A conservative agenda for 2001
1/10/2001 12:00:00 AM - Phyllis Schlafly
Since Bill Clinton stuck his finger in the eye of all who care about American sovereignty and constitutional rights by signing the International Criminal Court Treaty on New Year's Eve, Congress should immediately pass Sen. Jesse Helms' American Service Members' Protection Act. This will authorize the president to take any means necessary to protect U.S. service members from being subjected to any jurisdiction claimed by the ICC.
Congress should fulfill the Republican platform's promise to stop using the military as "the object of social experiments." Congress should "affirm that homosexuality is incompatible with military service," forbid putting women on submarines, and fulfill the platform's promise to implement "recommendations of the Kassebaum Commission, which unanimously recommended that coed basic training be ended."
Congress should forbid U.S. representatives to future Kyoto Protocol negotiations to agree to any system of U.S. purchase of "pollution permits" from foreign countries, which would be just a convoluted way of redistributing U.S. wealth to foreign countries. Congress should also prohibit the Environmental Protection Agency from trying to implement this unratified, discriminatory treaty.

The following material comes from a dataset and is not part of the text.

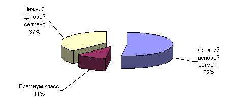 · Основным ценовым сегментом в структуре рынка одежды в 2008 году стал среднеценовой сегмент - 68% всех продаж одежды в стоимостном выражении.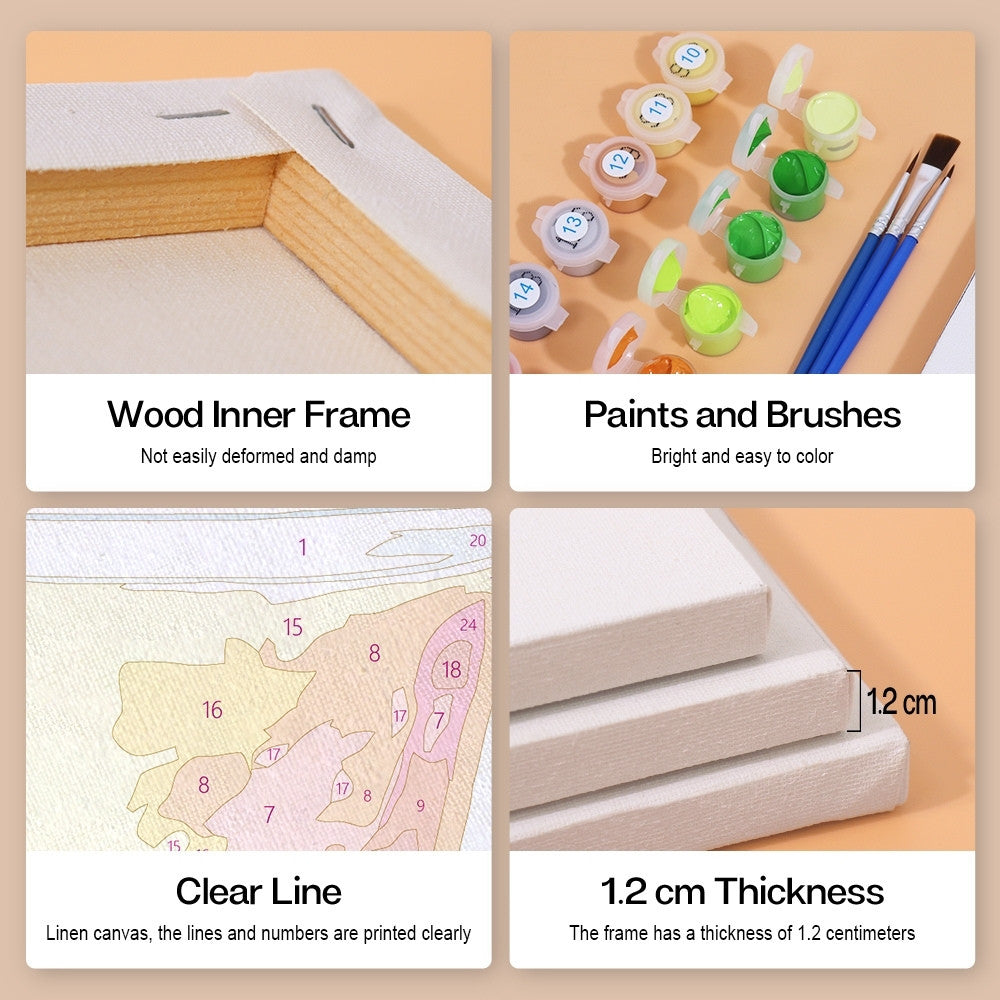 Estos mini cuadros para pintar por numeros son una excelente alternativa a los formatos grandes: compactos, prácticos y rápidos de completar. Perfectos para principiantes y aficionados a la pintura que deseen disfrutar de proyectos creativos y gratificantes, incluso con poco tiempo disponible. También son ideales para reuniones creativas o noches de pintura con amigos, donde cada uno puede pintar su propio lienzo mientras charla, escucha música y disfruta del momento.

Congress should pass a resolution putting other countries on notice that, if the United Nations attempts to grab any of the powers spelled out at its Millennium Summit last September, the United States will cut off all future payments to the United Nations. Unacceptable proposals considered by the United Nations include imposing a global tax on foreign currency transactions and foreign travel, creating a U.N. standing army (as recently endorsed by George McGovern) and eliminating the U.S. veto or permanent membership in the United Nations.
Congress should legislate better financial privacy by prohibiting any Know Your Customer regulations to spy on our bank accounts, and legislate adequate medical privacy, including genetic, by repealing authorization for the government to assign a unique health-care identifier to every citizen. Congress should stop Clinton-style expansion and networking of government databases of information on law-abiding citizens, and should defeat all bills to give government protection to private databases.

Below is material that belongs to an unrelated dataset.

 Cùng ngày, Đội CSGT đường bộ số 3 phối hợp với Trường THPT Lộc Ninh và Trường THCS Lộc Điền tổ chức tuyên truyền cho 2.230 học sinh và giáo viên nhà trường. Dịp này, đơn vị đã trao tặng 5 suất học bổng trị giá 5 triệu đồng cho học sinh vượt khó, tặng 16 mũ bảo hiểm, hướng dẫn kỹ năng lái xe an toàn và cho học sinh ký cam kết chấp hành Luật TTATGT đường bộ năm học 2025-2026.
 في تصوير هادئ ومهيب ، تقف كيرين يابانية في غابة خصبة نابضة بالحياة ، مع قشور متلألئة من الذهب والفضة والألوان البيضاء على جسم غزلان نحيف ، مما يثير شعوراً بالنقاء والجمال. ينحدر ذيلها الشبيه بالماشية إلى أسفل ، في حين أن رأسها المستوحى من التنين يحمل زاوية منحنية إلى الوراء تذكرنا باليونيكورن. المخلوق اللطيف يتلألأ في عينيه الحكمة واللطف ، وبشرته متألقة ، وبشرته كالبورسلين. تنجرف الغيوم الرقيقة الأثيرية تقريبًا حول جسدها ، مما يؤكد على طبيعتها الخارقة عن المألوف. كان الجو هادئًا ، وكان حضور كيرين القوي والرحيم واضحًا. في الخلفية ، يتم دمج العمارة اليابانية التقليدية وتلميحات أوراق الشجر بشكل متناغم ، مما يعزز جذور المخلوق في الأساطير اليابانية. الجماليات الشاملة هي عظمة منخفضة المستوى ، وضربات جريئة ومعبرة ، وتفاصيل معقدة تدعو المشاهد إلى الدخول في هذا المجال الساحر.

Congress should give us the Medical Savings Accounts that virtually all Republican congressional candidates promised when they won Congress in 1994, and as promised again in the 2000 Republican platform: "MSAs should be a permanent part of tax law, offered to all workers without restrictions." The current MSA plan was obviously designed to fail, probably by the HMO lobbyists who fear the competition of MSAs.
Congress should strengthen conflict-of-interest rules for the Centers for Disease Control and the Food and Drug Administration on approving vaccines. We need more congressional hearings to expose conflicts of interest by those who make such important decisions.

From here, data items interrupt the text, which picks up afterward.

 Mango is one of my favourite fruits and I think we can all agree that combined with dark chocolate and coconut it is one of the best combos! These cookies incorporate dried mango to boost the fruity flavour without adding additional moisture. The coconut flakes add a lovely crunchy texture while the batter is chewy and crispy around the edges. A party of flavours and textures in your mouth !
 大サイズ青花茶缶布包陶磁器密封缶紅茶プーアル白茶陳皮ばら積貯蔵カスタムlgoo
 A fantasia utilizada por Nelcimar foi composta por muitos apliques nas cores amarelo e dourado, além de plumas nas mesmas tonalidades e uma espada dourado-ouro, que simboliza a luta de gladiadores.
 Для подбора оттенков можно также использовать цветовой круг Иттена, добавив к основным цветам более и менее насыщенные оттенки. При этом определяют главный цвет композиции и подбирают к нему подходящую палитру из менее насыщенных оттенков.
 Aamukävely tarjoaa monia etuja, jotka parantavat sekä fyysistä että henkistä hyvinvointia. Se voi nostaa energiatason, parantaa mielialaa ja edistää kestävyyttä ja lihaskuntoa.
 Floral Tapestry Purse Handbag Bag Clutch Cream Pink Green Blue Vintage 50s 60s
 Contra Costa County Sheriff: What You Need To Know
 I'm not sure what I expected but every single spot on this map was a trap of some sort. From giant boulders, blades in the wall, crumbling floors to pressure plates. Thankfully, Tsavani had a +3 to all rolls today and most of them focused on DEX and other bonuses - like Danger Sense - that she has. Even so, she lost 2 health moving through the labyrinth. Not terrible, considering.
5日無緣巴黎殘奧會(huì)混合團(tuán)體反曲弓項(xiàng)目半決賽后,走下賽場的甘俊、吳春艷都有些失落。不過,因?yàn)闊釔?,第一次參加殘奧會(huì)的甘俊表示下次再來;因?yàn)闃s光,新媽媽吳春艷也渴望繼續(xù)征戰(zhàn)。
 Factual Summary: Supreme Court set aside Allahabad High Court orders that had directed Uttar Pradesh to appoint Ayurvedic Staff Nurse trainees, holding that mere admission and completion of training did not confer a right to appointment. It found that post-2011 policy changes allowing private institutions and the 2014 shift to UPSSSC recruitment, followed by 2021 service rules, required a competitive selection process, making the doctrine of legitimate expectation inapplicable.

Congress should carry out the promise of the Republican platform to "replace 'family planning' programs for teens with increased funding for abstinence education." We want to encourage the trend just reported by the Alan Guttmacher Institute that the percentage of secondary school teachers who present abstinence as the way to avoid pregnancy has risen from 2 percent to 23 percent.
Congress should pass the Department of Education Fraud Audit bill sponsored by Rep. Pete Hockstra, R-Mich. Congress should move promptly to carry out the Republican platform promise that "the role of the federal government must be progressively limited as we return control to parents, teachers, and local school boards" by defunding Clinton's two controversial and unpopular 1994 laws, Goals 2000 and School-to-Work.
Congress should drastically revise and amend the Elementary and Secondary Education Act, whose reauthorization fortunately failed to pass last year. Reauthorization should be improved by eliminating all funding for the failed and unpopular Bilingual Education (which the voters rejected in California and Arizona), thus making funds available for more constructive purposes, and by initiating a full investigation of fraud in the Drug Free Schools and Community Act funds.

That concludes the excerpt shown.